Google Street ViewAbove: A street view of 1488 Harrison St. in San Francisco’s SoMa neighbourhood where a number of apartments have structural support beams running right through the space.

  • A handful of units in a San Francisco apartment complex sport a unique interior feature: structural support beams running diagonally through the space.
  • All of the units have sold for about $US1 million a piece.
  • The kitchens of three units are all interrupted by a beam running from a cabinet to the middle of the kitchen floor. The beams in two other condos run parallel to the wall, which seems more convenient.
  • Despite the mockery from Twitter, there’s a good reason for the beam: converting old industrial buildings into apartments requires extra structural support.

San Francisco’s real estate market is rife with peculiar home listings. Some homes had their interiors ravaged by fires and still sold for $US2 million. Some sell for $US1.6 million over the asking price.

Now, these San Francisco apartments are attracting attention – and ridicule – because they have structural support beams running straight through their kitchens.

The apartments are located at1488 Harrison St, in the city’s lower SoMa neighbourhood. By looking through listings on Redfin, we found at least four units in the building where structural support beams run diagonally through the space.

That obviously didn’t affect sales, though, since the units are all sold and occupied. Their owners shelled out about $US1 million for each, records show. In the apartment sold most recently, in June, the unexpected beam runs from the bottom of an overhead kitchen cabinet to the middle of the kitchen floor.

On Twitter, FOO VR chief executive Will Smith claims that he is a previous occupant of one of these units, and that the beam in the kitchen is indeed a constant source of pain and frustration.

The kitchen in a unit two floors down is also interrupted by a beam. Developers were a little more creative with how they incorporated it into the floor plan.
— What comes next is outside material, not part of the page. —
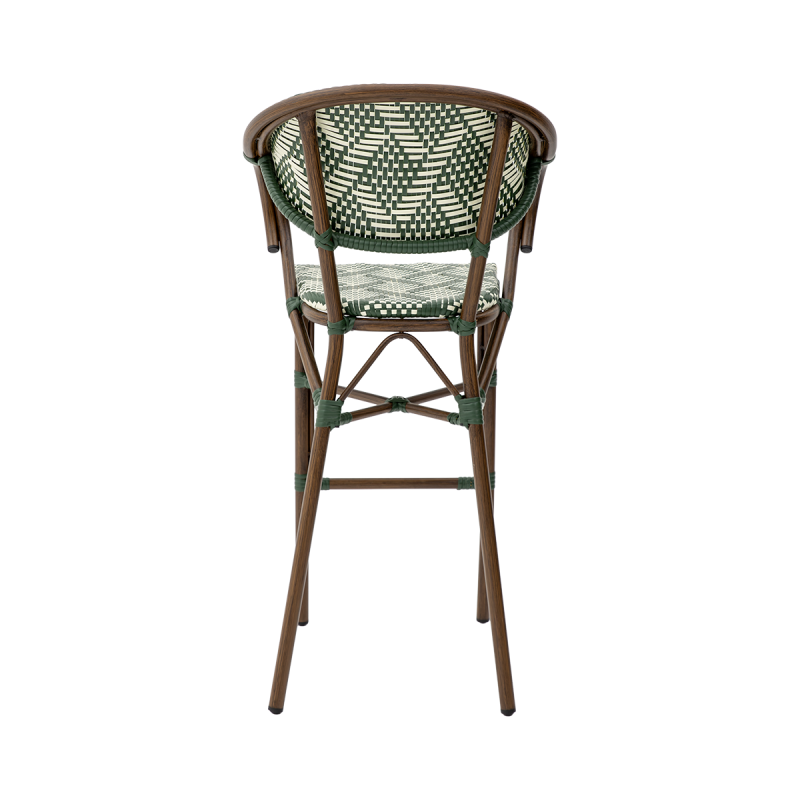 Das Modell CAMILLO BAR überzeugt durch sein markantes, dekoratives Geflecht und seine leichte, erhöhte Bauweise, die ideal für den Einsatz an Bartischen und Hochtischen geeignet ist. Die abgerundeten Armlehnen sorgen für zusätzlichen Komfort und verleihen dem Gesamtbild eine stimmige, durchdachte Optik. Dieser Stuhl eignet sich hervorragend für stark frequentierte Bereiche, in denen sowohl Ästhetik als auch Funktionalität zählen.

A unit on the second floor is in the same boat, and two more in the complex also sport an out-of-place slanted beam – only they’re positioned a bit more conveniently, parallel to a wall.

Twitter users had some fun speculating on the beam’s puprose: Some hoped it had a whimsical purpose, like a cat tunnel that the owners’ pets could shimmy through for fun. The real reason, however, is less outlandish.

Strange structural circumstances like these aren’t uncommon in San Francisco, when converting old industrial buildings into lofts. Developers need to comply with building codes that require adjustments to be made when converting old factories into living quarters. This Reddit thread provides good context.

Those adjustments can include extra beams for structural support. Furthermore, they were most likely installed before these specific floor plans were designed, making the kitchen situation an unfortunate side effect.

Nevertheless, San Franciscans can’t always afford to be too picky with where they sign a lease. The city’s housing market is so competitive that a random beam running through your kitchen might not seem so bad.